Les révoltes ne sont pas le vestige d'un romantisme ultragauchiste, mais bien le signe de l'émergence de pratiques et d'imaginaires alternatifs au rythme normalisé du capitalisme néolibéral chilien. Ces pratiques et ces imaginaires peuvent s'agréger au cadre centriste (en captant au moins les voix qui ont approuvé le changement de la Constitution) ou être annihilées par ce cadre, cela dépendra en grande partie de la défaite du fascisme.

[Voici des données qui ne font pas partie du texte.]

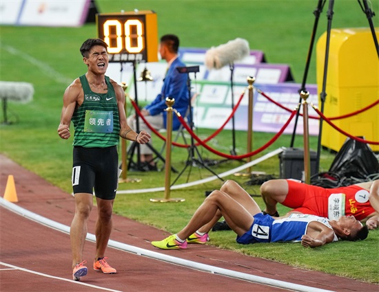 9月21日,江苏队选手孙启豪(左)在十项全能1500米比赛后庆祝。

* Felipe Lagos Rojas, écrivain et journaliste indépendant chilien, est chercheur au sein du programme Críticas Latinoamericanas de l'Institut international de la philosophie et des sciences sociales (IPPSS) et rédacteur en chef de Pléyade, Revista de Humanidades y Ciencias Sociales.
Cet article a été d'abord publié le 26 novembre 2021 par Jacobin América Latina, 26/11/2021 : https://jacobinlat.com/2021/11/26/chile-entre-la-restauracion-conservadora-y-la-radicalizacion-democratica/ (traduit de l'espagnol par JM).

notes

1. Premier tour de l'élection présidentielle : Gabriel Boric, 25,83 % des suffrages exprimés, 1 815 000 voix ; José Antonio Kast, 27,9 %, 1 961 000 voix.